I have a messy and confusing long-format data set (I have started using R very recently and could not master it yet so I need some guidance).
My participants went through different phases in an experiment. In phase a, they rated images. In phase b they saw some images with different affects. In phase c, they rated the images they saw in phase b. I can retrieve all responses, affect information, and images that the participants rated through separate columns. My aim is to analyze responses according to the image affects as (no-affect, positive, negative) and I want to know image numbers corresponding to each response.

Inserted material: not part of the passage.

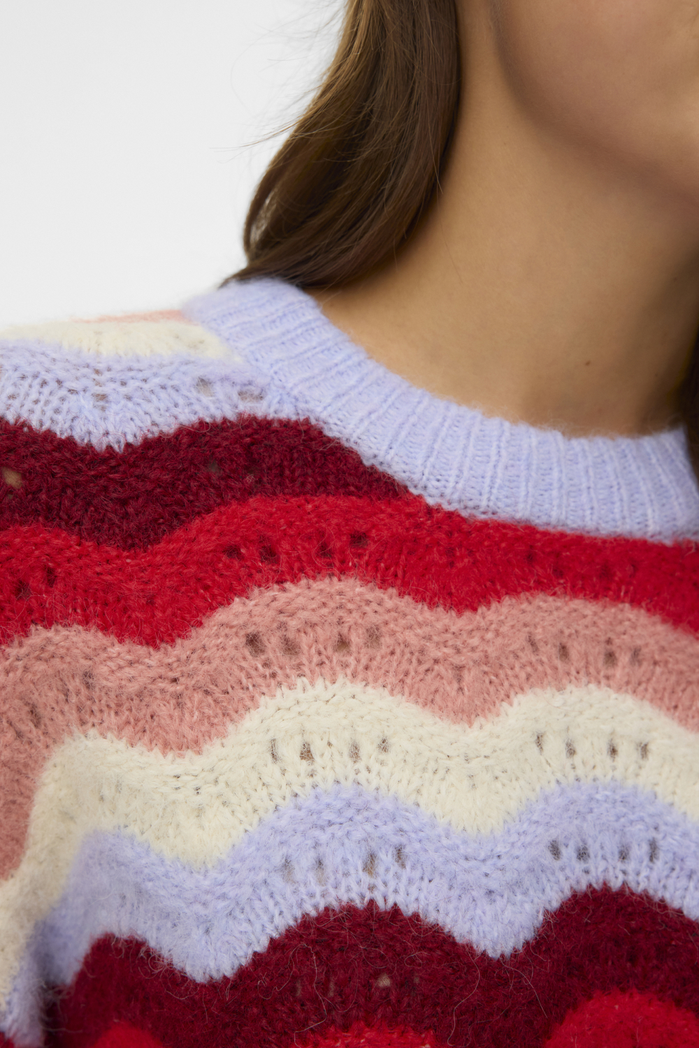 Deze kleurrijke Vero Moda trui is een perfecte aanvulling voor je wintergarderobe. Met zijn speelse golfpatroon in diverse tinten paars, rood en crème, biedt deze trui een frisse en vrolijke uitstraling. Gemaakt van hoogwaardige knitwear, voelt de stof zacht aan en biedt het de hele dag comfort. De regular fit past zich moeiteloos aan jouw figuur aan, terwijl de lange mouwen en de ronde hals zorgen voor een klassieke, doch eigentijdse look. Deze trui is een ideale keuze voor dagelijks gebruik of een informele gelegenheid.

The problem is when the phase is over the last value inserted is copied onto the following rows (so should be omitted) and for some columns I have NAs as there is no value above that the program copies.
A simplified version of this dataset looks like this:
> df
id phase phase.a.response phase.c.response phase.a.pic
1 1 a 1 NA x.jpg
2 1 a 2 NA y.jpg
3 1 a 3 NA z.jpg
4 1 a 10 NA d.jpg
5 1 b 10 NA d.jpg
6 1 b 10 NA d.jpg
7 1 b 10 NA d.jpg
8 1 b 10 NA d.jpg
9 1 c 10 5 d.jpg
10 1 c 10 4 d.jpg
11 1 c 10 2 d.jpg
12 1 c 10 1 d.jpg
phase.b.pic pic.affect phase.c.pic
1 <NA> <NA> <NA>
2 <NA> <NA> <NA>
3 <NA> <NA> <NA>
4 <NA> <NA> <NA>
5 m.jpg positive <NA>
6 n.jpg negative <NA>
7 p.jpg positive <NA>
8 r.jpg negative <NA>
9 r.jpg negative n.jpg
10 r.jpg negative p.jpg
11 r.jpg negative r.jpg
12 r.jpg negative m.jpg
data$response[data$phase=="a"]<-data$phase.a.response
data$response[data$phase=="b"]<-data$phase.b.response
I tried to create a new variable like the one above but did not work due to the NAs (or because my code does not make sense).
Ideally I want to be able to subset my data according to the phases and I want my responses in one column, the phase in one column (which I already have in the data), corresponding images in one column and corresponding image affects in another column (for phase a should have no affect).